» Data

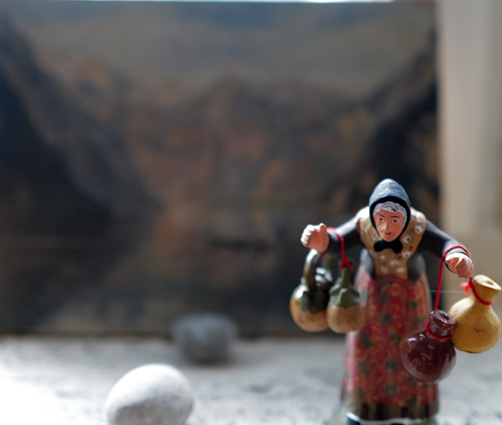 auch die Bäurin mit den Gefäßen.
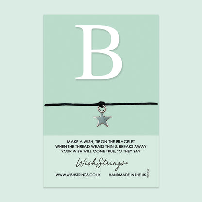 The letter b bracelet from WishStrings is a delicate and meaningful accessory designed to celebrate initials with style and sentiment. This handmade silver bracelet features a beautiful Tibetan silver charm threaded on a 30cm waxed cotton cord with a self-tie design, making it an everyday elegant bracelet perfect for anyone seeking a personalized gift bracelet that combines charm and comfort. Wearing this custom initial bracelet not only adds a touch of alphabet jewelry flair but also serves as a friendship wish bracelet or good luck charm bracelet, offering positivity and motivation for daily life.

* * *

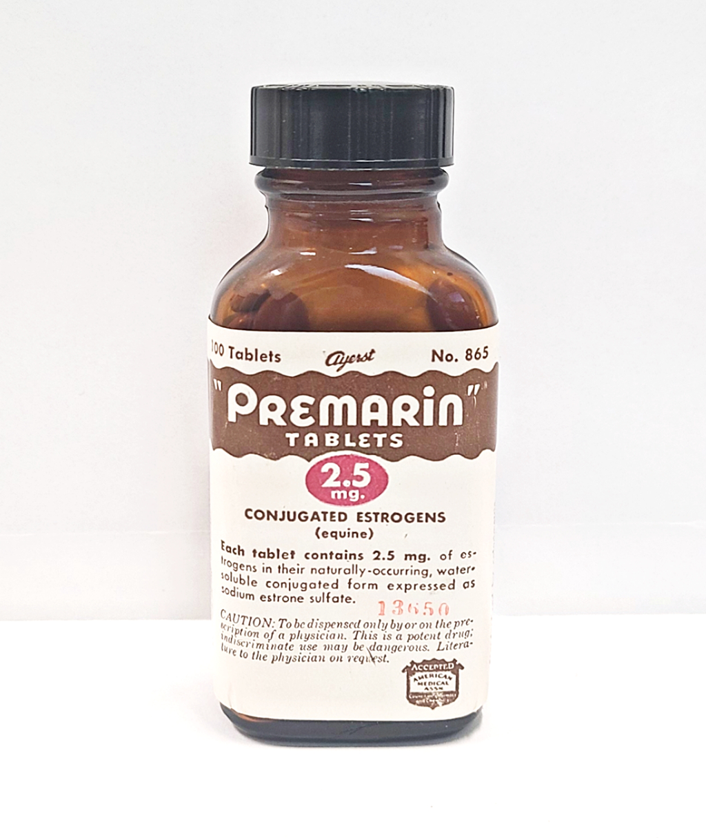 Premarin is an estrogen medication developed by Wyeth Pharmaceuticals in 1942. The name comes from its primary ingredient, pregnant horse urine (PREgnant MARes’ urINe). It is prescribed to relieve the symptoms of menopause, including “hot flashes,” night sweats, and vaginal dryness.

--

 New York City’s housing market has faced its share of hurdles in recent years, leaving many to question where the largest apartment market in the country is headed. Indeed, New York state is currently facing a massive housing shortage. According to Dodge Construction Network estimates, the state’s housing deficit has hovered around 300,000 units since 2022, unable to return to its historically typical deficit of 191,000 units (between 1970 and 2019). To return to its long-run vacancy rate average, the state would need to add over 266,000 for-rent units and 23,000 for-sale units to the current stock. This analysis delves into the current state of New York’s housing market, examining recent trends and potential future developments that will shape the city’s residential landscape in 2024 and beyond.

» Exercise directions
In the records above, find the line containing "auch die Bäurin mit den Gefäßen." and the line containing "The letter b", then give both of them again word for word along with every line between. Omit any pictures.

» Answer box
 auch die Bäurin mit den Gefäßen.
 The letter b bracelet from WishStrings is a delicate and meaningful accessory designed to celebrate initials with style and sentiment. This handmade silver bracelet features a beautiful Tibetan silver charm threaded on a 30cm waxed cotton cord with a self-tie design, making it an everyday elegant bracelet perfect for anyone seeking a personalized gift bracelet that combines charm and comfort. Wearing this custom initial bracelet not only adds a touch of alphabet jewelry flair but also serves as a friendship wish bracelet or good luck charm bracelet, offering positivity and motivation for daily life.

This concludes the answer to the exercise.